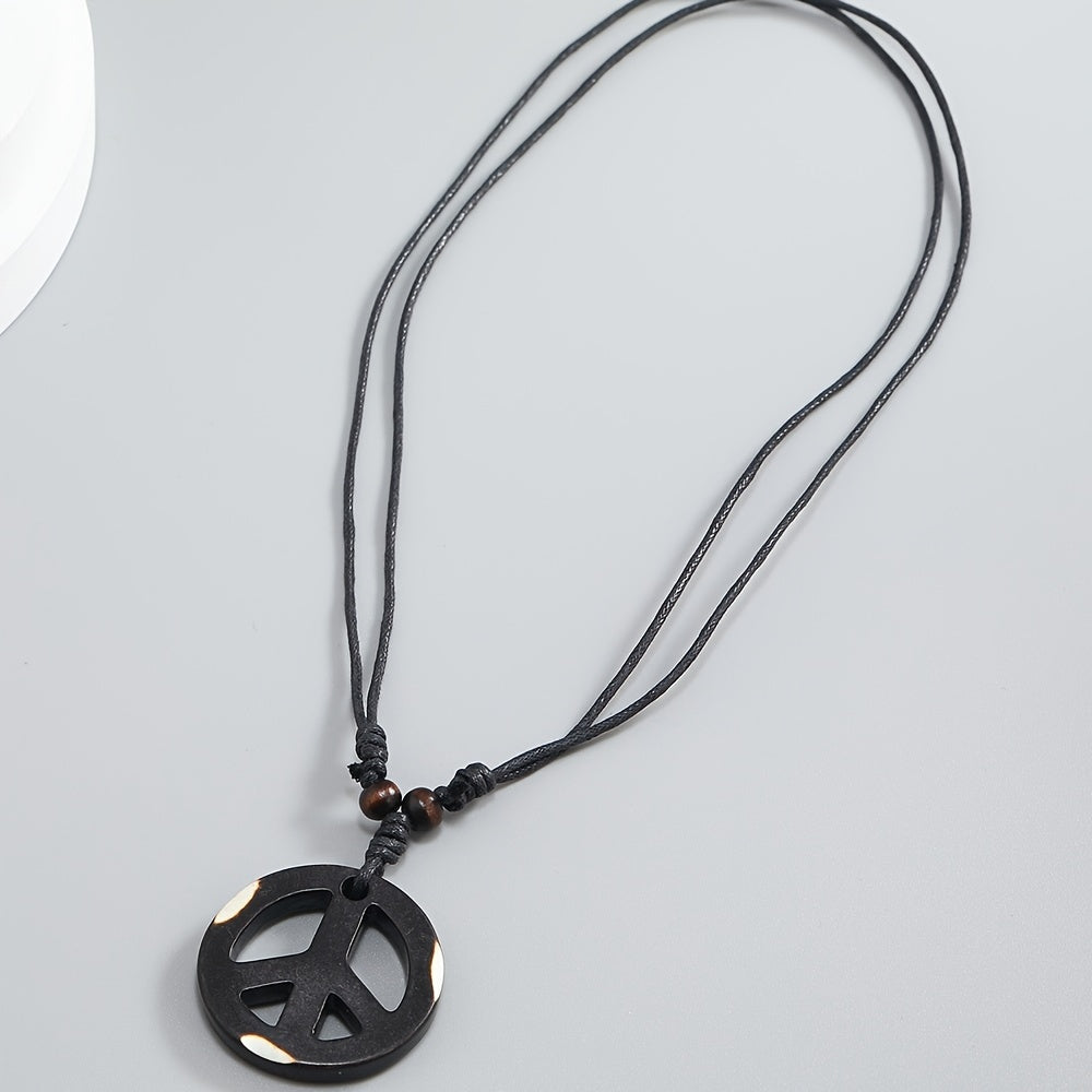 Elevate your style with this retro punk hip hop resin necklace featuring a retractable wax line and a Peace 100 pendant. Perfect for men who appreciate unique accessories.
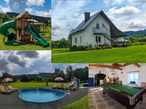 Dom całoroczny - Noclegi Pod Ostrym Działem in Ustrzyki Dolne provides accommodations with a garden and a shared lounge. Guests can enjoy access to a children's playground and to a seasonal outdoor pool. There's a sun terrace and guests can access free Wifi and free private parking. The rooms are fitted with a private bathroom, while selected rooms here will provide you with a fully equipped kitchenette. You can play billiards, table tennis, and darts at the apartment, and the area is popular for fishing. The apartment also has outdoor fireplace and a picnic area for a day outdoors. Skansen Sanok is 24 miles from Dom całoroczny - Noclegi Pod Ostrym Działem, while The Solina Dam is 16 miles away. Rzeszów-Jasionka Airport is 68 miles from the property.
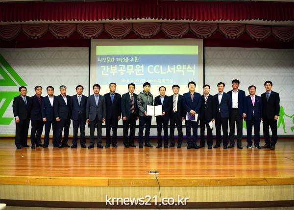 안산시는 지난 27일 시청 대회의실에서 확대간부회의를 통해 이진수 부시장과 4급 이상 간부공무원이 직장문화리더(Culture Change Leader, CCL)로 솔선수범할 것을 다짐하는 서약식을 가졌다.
______
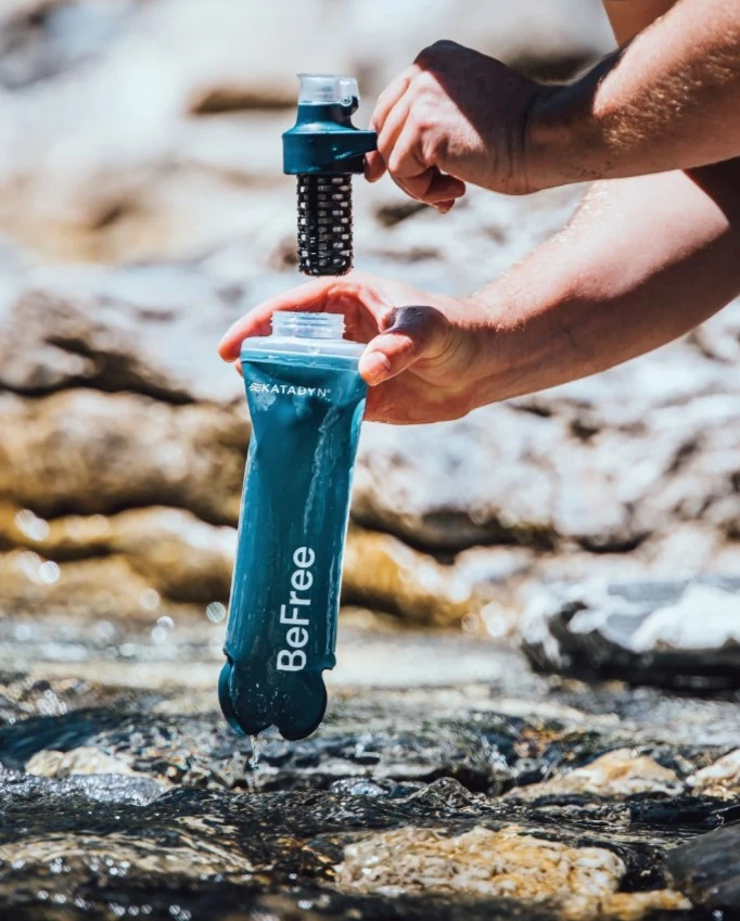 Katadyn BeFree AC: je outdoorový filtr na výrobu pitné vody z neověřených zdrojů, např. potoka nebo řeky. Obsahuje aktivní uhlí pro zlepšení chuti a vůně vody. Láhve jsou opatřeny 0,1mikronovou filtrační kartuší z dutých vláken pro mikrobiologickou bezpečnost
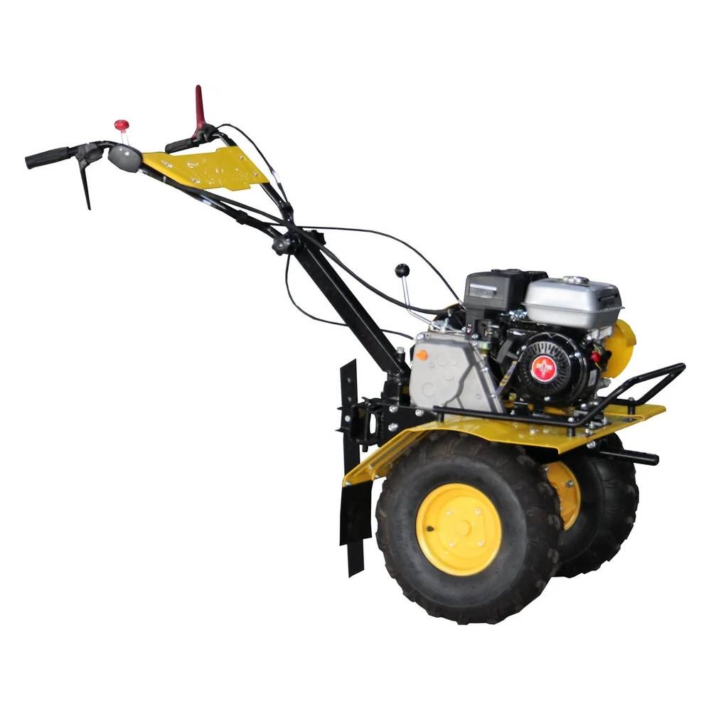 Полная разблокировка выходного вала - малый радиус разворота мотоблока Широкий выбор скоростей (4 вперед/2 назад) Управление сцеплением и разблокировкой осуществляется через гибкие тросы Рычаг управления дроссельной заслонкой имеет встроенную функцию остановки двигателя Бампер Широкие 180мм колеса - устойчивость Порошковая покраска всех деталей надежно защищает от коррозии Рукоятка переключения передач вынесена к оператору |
______
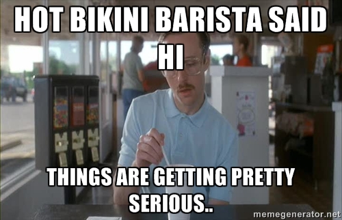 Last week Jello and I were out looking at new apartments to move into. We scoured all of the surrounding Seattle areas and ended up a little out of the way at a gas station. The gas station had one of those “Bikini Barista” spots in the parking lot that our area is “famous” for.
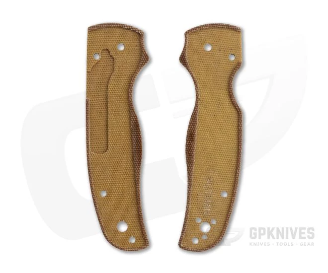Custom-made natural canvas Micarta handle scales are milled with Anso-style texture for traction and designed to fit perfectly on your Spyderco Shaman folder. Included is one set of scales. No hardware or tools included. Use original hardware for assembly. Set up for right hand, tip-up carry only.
______
- _Task description_:
Word for word, write out the lines above running from the one with "Elevate your style" up to and including the one with "안산시는 지난 27일". Drop any picture.

- _Answer area_:
 Elevate your style with this retro punk hip hop resin necklace featuring a retractable wax line and a Peace 100 pendant. Perfect for men who appreciate unique accessories.
 Dom całoroczny - Noclegi Pod Ostrym Działem in Ustrzyki Dolne provides accommodations with a garden and a shared lounge. Guests can enjoy access to a children's playground and to a seasonal outdoor pool. There's a sun terrace and guests can access free Wifi and free private parking. The rooms are fitted with a private bathroom, while selected rooms here will provide you with a fully equipped kitchenette. You can play billiards, table tennis, and darts at the apartment, and the area is popular for fishing. The apartment also has outdoor fireplace and a picnic area for a day outdoors. Skansen Sanok is 24 miles from Dom całoroczny - Noclegi Pod Ostrym Działem, while The Solina Dam is 16 miles away. Rzeszów-Jasionka Airport is 68 miles from the property.
 안산시는 지난 27일 시청 대회의실에서 확대간부회의를 통해 이진수 부시장과 4급 이상 간부공무원이 직장문화리더(Culture Change Leader, CCL)로 솔선수범할 것을 다짐하는 서약식을 가졌다.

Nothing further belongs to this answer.